South Africa’s manufacturing production crashed 49.4% year-on-year in April of 2020, following an upwardly revised 5.5% slump March. The downturn in manufacturing output was extended for an eleventh consecutive month and was the sharpest on record, reflecting the strong impact of the global pandemic and a nationwide lockdown to control it. Output declines were seen across all categories, primarily motor vehicles, parts and accessories & other transport equipment (-98% vs -8.3%); glass and non-metallic mineral products (-83.4% vs -16.7%); textiles, clothing, leather & footwear (-75.5% vs -11.9%); furnishings (-83.5% vs -3.3%); basic iron and steel, non-ferrous metal products, metal products & machinery (-65.4% vs -8.3%); coke, petroleum products (-63.9% vs -21.7%) and rubber products (-77.2% vs -9%). On a seasonally adjusted monthly basis, manufacturing production plunged at a record 44.3%, after falling 1.2% in the prior month.

This sector represents a significant job market, valuable skill sets and critical economic power. In July 2020 despite Covid-19 pandemic manufacturing sector continued to signal a further month-on-month improvement for conditions, according to Absa Purchasing Managers’ Index (PMI).

More than half (52%) of the manufacturing industry’s national workforce resides in 3 metros; Johannesburg, Cape Town and eThekwini. In 2014, 25% of the national manufacturing workforce was recorded as being employed in Johannesburg. If one considers the statistics of the 9 provinces of South Africa, Gauteng employs that largest percentage of manufacturing workers, at 44%, Western Cape 19%, Kwazulu-Natal 19%, and the Eastern Cape 7%. All other provinces currently represent less than 5% each [Chart above ].

The number of people employed in the manufacturing sector has declined over the last few years. This number has gone from 1,44 million in 2005 to 1,19 million in 2014, to 1,1 million in 2019. Despite this, manufacturing has often been presented as one of the job sectors with the most promising potential to create jobs at respectable pay levels for unskilled and semi-skilled workers [Chart above ].

On 28 July 2020, Statistics South Africa (Stats SA) published the Quarterly employment statistics (QES) survey results for the first quarter of 2020. According to the survey, the formal non-agricultural sector shed 3 000 jobs in the first quarter of 2020. This brings the total number of persons employed in the formal non-agricultural sector in South Africa to 10,2 million. The survey further shows that three of the eight industries (trade, construction and manufacturing) reported a decrease quarter-on-quarter, while the electricity industry reported no change.

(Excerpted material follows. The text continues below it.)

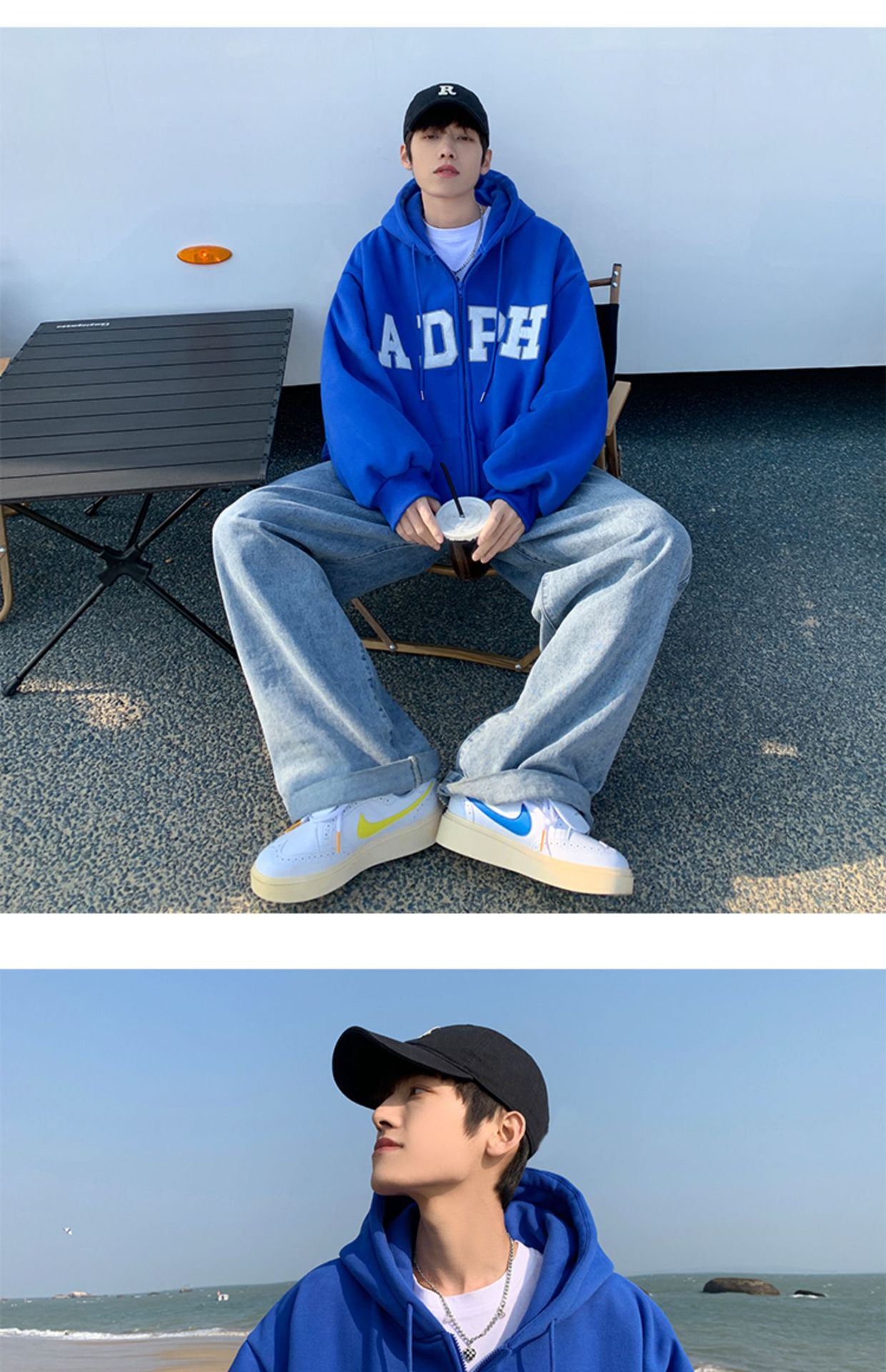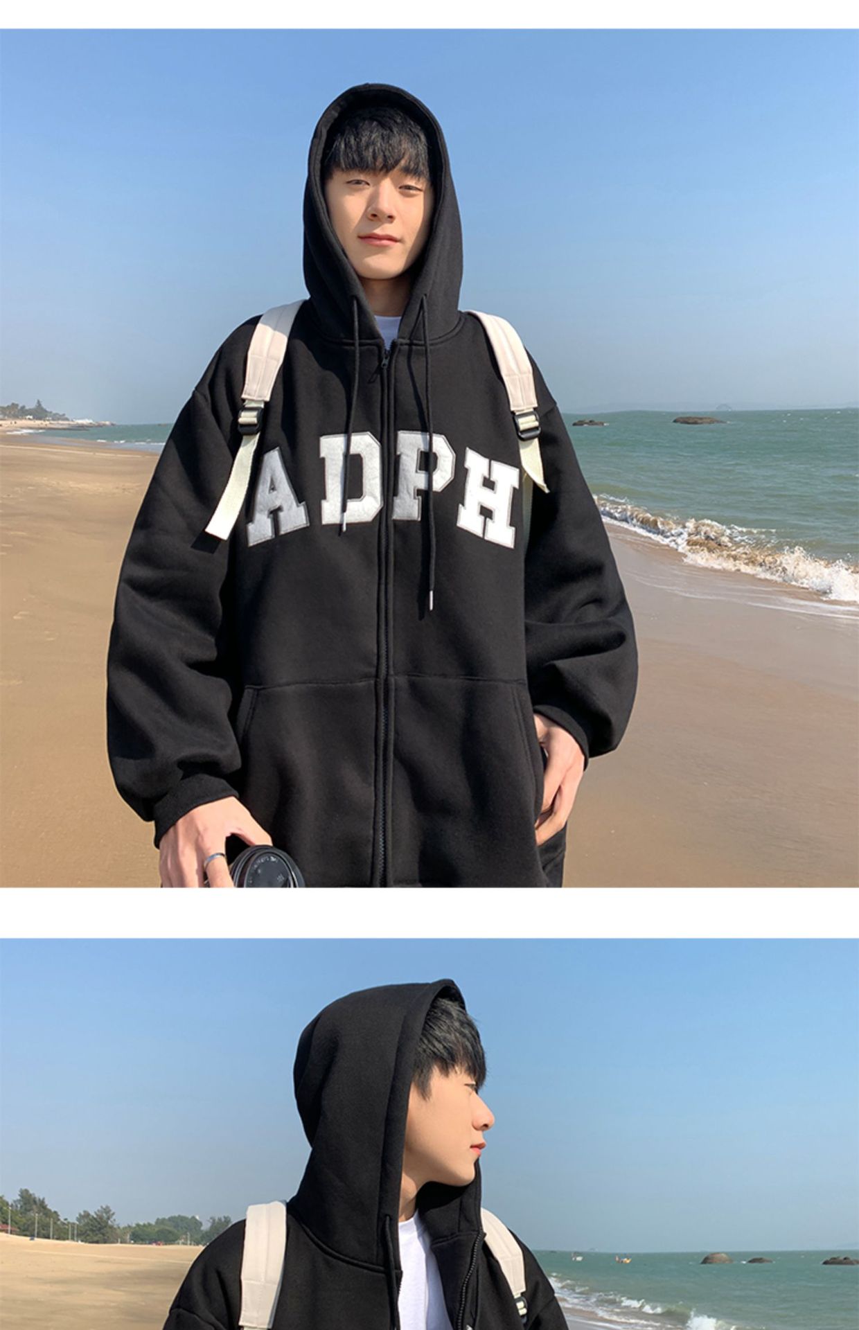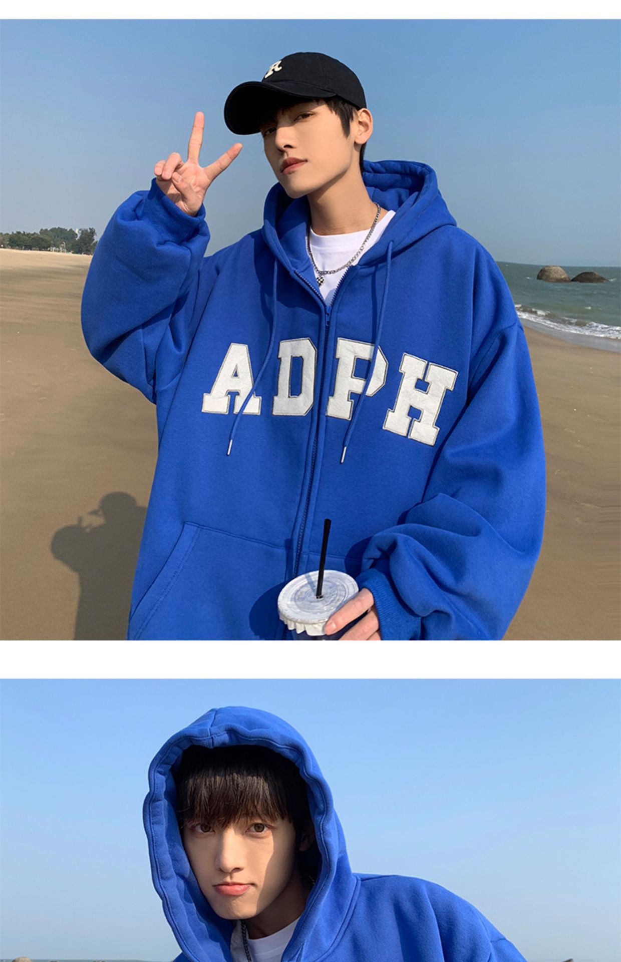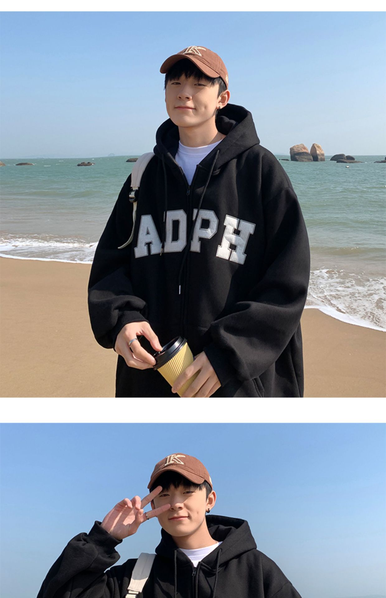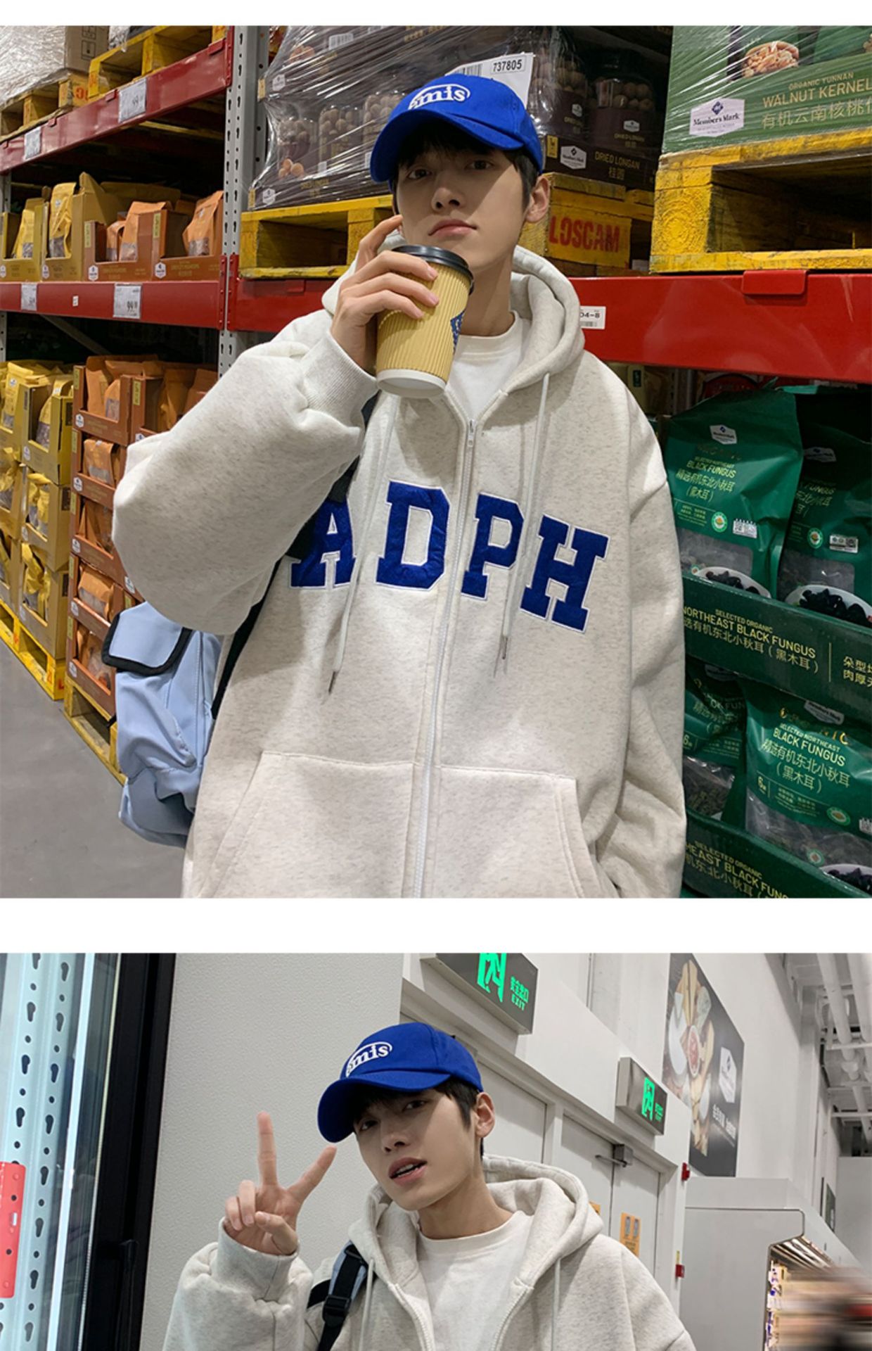 미국 스웨터 코트 남자의 가을과 겨울 패션 브랜드 느슨한 기모 겨울 2024 새로운 후드 지퍼 카디건 옷스토어 가기

However, South African government has declared war on unemployment and seeks to create jobs by doing the following: Reversing spatial apartheid by building more homes near big cities where the work is; by introducing a policy that ensures that graduates are hired without work experience, by introducing skills programmes for young people to make them more employable; and by reducing the cost of data so that using the internet to apply for jobs can be cheaper, making the internet more accessible for the disenfranchised workers of South Africa.